Data for the task ->
══════

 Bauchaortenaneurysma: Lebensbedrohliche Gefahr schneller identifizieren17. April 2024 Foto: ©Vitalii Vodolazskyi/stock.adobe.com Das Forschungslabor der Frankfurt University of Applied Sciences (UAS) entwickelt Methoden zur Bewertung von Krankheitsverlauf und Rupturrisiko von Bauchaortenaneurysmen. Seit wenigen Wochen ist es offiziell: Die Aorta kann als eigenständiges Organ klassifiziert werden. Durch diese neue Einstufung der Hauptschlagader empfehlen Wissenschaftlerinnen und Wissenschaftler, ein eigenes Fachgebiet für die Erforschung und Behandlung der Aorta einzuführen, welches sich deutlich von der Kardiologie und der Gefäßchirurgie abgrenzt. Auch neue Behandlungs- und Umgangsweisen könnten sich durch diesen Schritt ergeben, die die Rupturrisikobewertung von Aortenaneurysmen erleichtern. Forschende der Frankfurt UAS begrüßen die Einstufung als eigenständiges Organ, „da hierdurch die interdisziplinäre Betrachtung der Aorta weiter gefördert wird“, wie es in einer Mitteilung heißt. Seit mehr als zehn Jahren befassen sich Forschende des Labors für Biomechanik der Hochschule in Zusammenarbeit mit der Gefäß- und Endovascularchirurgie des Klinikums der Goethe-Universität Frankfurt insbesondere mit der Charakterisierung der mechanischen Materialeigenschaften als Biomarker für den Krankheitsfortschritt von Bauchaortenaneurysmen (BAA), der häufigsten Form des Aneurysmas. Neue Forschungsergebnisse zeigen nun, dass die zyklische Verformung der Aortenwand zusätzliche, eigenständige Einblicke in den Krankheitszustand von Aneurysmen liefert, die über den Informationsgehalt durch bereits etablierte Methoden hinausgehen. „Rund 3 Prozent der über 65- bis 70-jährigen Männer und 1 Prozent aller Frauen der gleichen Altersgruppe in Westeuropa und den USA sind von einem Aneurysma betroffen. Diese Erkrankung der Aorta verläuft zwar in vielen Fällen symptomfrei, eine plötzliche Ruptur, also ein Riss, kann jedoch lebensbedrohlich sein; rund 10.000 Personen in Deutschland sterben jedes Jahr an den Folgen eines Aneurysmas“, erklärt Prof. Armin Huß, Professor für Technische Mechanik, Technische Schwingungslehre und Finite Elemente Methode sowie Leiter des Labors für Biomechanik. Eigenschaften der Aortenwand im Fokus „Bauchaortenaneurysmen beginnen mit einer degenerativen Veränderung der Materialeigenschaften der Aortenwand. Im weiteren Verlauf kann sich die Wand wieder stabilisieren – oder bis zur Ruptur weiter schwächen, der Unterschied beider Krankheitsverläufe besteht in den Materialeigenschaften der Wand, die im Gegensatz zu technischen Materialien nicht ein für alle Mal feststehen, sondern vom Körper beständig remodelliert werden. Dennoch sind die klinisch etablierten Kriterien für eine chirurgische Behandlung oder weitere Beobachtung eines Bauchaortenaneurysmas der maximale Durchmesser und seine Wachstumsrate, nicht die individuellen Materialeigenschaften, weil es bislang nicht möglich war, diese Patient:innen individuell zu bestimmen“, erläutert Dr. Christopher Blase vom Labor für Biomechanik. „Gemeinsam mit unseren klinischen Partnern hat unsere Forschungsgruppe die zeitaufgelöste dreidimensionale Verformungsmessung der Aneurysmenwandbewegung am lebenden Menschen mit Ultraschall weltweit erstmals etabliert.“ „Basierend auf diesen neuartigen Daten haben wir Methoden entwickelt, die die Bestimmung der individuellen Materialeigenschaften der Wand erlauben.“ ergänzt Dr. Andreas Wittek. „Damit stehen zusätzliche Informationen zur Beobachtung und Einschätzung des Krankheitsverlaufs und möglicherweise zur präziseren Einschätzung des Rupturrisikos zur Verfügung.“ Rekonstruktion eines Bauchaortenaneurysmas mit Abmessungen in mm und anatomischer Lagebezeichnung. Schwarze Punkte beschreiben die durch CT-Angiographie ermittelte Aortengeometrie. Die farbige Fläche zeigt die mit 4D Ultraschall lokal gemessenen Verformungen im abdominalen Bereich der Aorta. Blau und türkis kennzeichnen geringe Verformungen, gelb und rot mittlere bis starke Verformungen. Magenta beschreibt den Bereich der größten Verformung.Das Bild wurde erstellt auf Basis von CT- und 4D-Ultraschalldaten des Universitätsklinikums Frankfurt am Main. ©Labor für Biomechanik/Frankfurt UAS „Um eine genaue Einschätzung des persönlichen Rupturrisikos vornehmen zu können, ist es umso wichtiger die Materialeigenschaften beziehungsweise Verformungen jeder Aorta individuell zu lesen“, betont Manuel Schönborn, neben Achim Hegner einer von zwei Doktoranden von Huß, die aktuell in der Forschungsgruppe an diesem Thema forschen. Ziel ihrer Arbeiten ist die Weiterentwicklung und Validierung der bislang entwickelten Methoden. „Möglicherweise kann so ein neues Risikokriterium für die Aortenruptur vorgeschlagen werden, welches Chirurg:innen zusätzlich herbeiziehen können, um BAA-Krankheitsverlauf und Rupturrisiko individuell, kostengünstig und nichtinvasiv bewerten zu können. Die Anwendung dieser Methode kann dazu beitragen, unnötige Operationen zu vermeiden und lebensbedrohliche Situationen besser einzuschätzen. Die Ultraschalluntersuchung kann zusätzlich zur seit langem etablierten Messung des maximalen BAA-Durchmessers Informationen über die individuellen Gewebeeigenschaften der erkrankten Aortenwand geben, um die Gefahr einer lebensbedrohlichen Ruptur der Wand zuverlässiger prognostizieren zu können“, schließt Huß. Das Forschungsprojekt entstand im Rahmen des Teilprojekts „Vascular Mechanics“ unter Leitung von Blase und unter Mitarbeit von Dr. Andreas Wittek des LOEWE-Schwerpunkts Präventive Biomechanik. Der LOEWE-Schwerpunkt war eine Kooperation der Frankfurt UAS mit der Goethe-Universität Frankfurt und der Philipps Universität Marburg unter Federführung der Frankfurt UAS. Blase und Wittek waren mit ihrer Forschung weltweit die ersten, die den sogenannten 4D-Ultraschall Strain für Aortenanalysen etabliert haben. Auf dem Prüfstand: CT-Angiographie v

══════

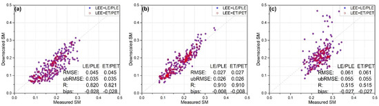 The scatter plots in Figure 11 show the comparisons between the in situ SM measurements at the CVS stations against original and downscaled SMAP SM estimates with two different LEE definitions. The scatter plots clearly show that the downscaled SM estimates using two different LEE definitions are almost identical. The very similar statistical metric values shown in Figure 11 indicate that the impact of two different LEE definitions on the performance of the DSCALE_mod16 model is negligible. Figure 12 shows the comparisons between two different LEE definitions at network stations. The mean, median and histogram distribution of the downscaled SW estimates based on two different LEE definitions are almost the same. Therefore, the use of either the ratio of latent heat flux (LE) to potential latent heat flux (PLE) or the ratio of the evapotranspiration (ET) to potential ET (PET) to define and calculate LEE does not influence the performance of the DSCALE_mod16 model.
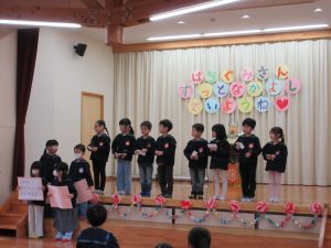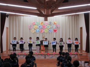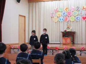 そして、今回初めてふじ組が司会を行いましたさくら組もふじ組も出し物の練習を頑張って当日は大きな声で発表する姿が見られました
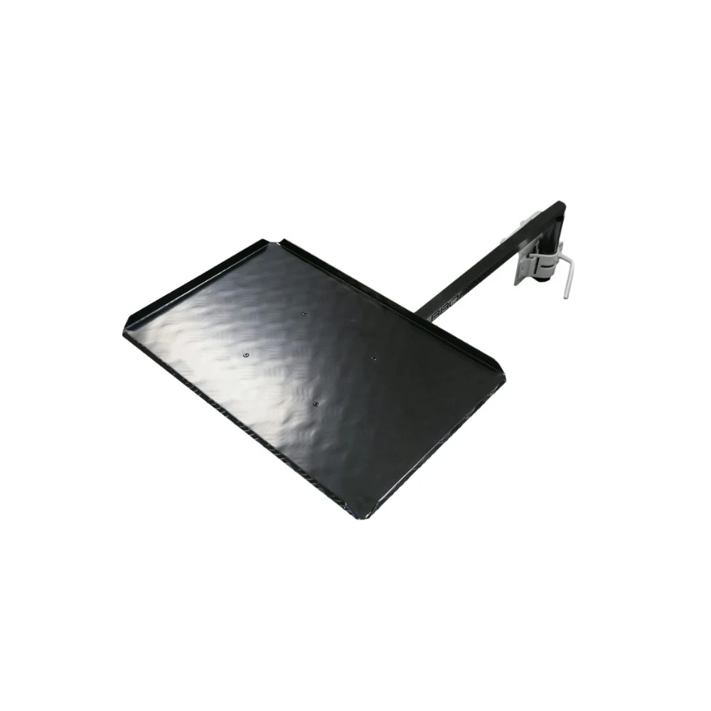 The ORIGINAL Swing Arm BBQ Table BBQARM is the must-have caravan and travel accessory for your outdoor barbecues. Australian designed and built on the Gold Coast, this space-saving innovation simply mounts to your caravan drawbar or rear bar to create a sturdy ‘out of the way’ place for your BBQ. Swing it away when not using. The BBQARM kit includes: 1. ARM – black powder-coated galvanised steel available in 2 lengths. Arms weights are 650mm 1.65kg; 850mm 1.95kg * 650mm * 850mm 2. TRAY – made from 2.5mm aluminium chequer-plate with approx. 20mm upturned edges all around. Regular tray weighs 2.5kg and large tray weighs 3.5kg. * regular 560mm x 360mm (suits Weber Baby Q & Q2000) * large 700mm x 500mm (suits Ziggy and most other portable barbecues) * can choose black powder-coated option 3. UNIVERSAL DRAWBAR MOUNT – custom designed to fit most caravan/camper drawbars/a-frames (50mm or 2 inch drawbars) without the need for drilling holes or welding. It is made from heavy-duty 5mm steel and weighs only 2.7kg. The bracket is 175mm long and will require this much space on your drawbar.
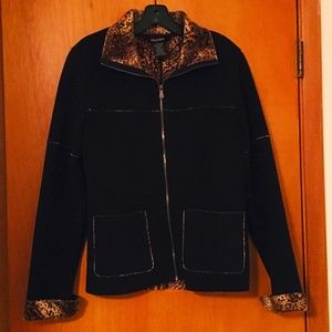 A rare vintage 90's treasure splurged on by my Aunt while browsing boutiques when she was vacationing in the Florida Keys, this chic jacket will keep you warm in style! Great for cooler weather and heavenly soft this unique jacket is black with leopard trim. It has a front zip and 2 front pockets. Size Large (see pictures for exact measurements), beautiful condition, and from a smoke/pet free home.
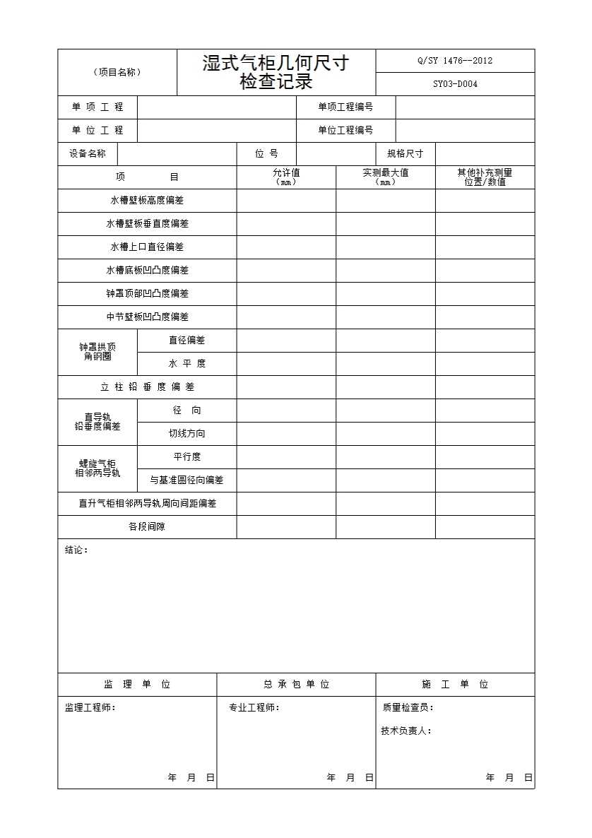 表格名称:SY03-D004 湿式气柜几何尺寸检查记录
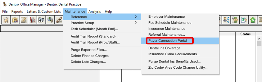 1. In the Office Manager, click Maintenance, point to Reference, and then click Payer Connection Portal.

══════

Problem details ->
What you return must match the lines above from the one with "The scatter plots in" through the one with "そして、今回初めてふじ組が司" exactly, with both ends included and the pictures excluded.

Answer to this task ->
 The scatter plots in Figure 11 show the comparisons between the in situ SM measurements at the CVS stations against original and downscaled SMAP SM estimates with two different LEE definitions. The scatter plots clearly show that the downscaled SM estimates using two different LEE definitions are almost identical. The very similar statistical metric values shown in Figure 11 indicate that the impact of two different LEE definitions on the performance of the DSCALE_mod16 model is negligible. Figure 12 shows the comparisons between two different LEE definitions at network stations. The mean, median and histogram distribution of the downscaled SW estimates based on two different LEE definitions are almost the same. Therefore, the use of either the ratio of latent heat flux (LE) to potential latent heat flux (PLE) or the ratio of the evapotranspiration (ET) to potential ET (PET) to define and calculate LEE does not influence the performance of the DSCALE_mod16 model.
 そして、今回初めてふじ組が司会を行いましたさくら組もふじ組も出し物の練習を頑張って当日は大きな声で発表する姿が見られました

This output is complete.